Data Analysis Tasks:
1) Exploratory Data Analysis (EDA): Analyze the distribution of stock prices and volumes for each company over time. Visualize trends, seasonality, and patterns in the stock market data using line charts, bar plots, and heatmaps.
2)Correlation Analysis: Investigate the correlations between the closing prices of different companies to identify potential relationships. Calculate correlation coefficients and visualize correlation matrices.
3)Top Performers Identification: Identify the top-performing companies based on their stock price growth and trading volumes over a specific time period.

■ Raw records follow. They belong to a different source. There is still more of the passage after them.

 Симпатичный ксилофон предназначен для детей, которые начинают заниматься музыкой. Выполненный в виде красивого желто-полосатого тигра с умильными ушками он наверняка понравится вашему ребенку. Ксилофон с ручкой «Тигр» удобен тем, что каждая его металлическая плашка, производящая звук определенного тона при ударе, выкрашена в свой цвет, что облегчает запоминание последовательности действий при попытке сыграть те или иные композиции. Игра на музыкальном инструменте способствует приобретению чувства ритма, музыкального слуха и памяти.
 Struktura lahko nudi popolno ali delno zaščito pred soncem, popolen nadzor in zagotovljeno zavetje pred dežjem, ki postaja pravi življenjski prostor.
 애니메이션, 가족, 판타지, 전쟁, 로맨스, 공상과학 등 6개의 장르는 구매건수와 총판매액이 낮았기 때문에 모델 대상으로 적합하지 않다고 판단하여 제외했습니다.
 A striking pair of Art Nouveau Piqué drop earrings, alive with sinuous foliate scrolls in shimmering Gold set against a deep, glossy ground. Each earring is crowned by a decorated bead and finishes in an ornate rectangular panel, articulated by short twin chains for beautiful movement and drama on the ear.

4)Market Sentiment Analysis: Perform sentiment analysis using Natural Language Processing (NLP) techniques on news headlines related to each company. Determine whether positive or negative news impacts the stock prices and volumes.
5)Volatility Analysis: Calculate the volatility of each company's stock prices using metrics like Standard Deviation or Bollinger Bands. Analyze how volatile stocks are in comparison to others.
Machine Learning Tasks:
1)Stock Price Prediction: Use time-series forecasting models like ARIMA, SARIMA, or Prophet to predict future stock prices for a particular company. Evaluate the models' performance using metrics like Mean Squared Error (MSE) or Root Mean Squared Error (RMSE).

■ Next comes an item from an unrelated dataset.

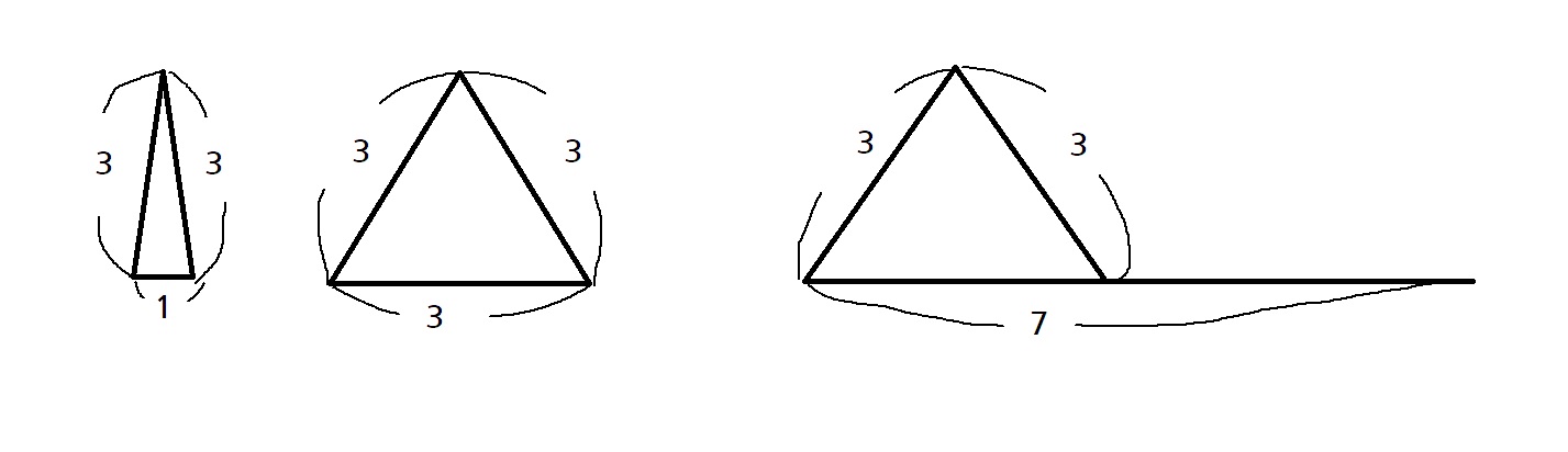 선분 세 개로 삼각형을 만들기 위해서는 다음과 같은 조건을 만족해야 합니다.

2)Classification of Stock Movements: Create a binary classification model to predict whether a stock will rise or fall on the next trading day. Utilize features like historical price changes, volumes, and technical indicators for the predictions. Implement classifiers such as Logistic Regression, Random Forest, or Support Vector Machines (SVM).
3)Clustering Analysis: Cluster companies based on their historical stock performance using unsupervised learning algorithms like K-means clustering. Explore if companies with similar stock price patterns belong to specific industry sectors.

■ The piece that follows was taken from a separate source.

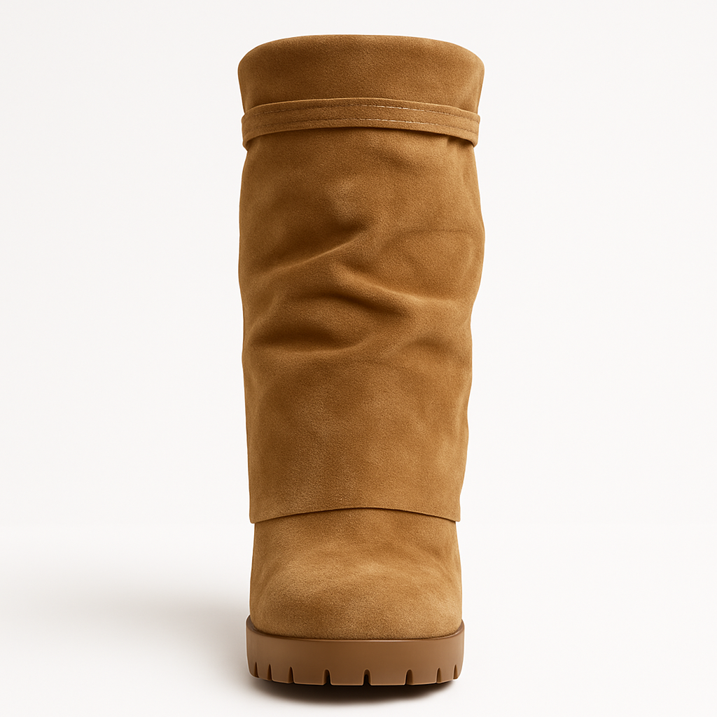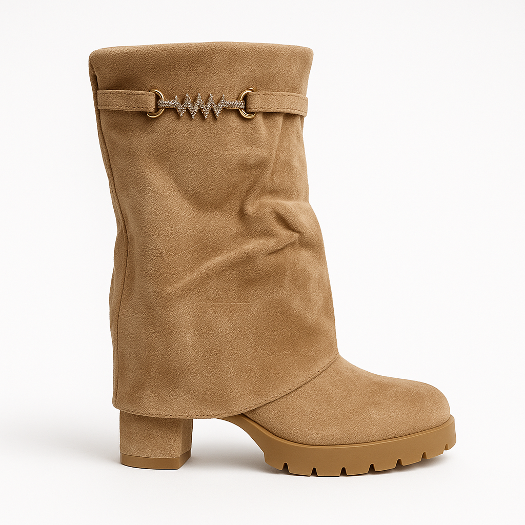 La tomaia morbida effetto scamosciato avvolge la gamba con naturalezza, mentre il dettaglio gioiello luminoso applicato sul gambale aggiunge un tocco sofisticato e distintivo. La suola strutturata garantisce stabilità e comfort, rendendo questo modello ideale per essere indossato tutto il giorno.

4)Anomaly Detection: Detect anomalies in stock prices or trading volumes that deviate significantly from the historical trends. Use techniques like Isolation Forest or One-Class SVM for anomaly detection.
5)Reinforcement Learning for Portfolio Optimization: Formulate the stock market data as a reinforcement learning problem to optimize a portfolio's performance. Apply algorithms like Q-Learning or Deep Q-Networks (DQN) to learn the optimal trading strategy.
The dataset provided on Kaggle, titled "Stock Market Stars: Historical Data of Top 10 Companies," is intended for learning purposes only. The data has been gathered from public sources, specifically from web scraping www.nasdaq.com, and is presented in good faith to facilitate educational and research endeavors related to stock market analysis and data science.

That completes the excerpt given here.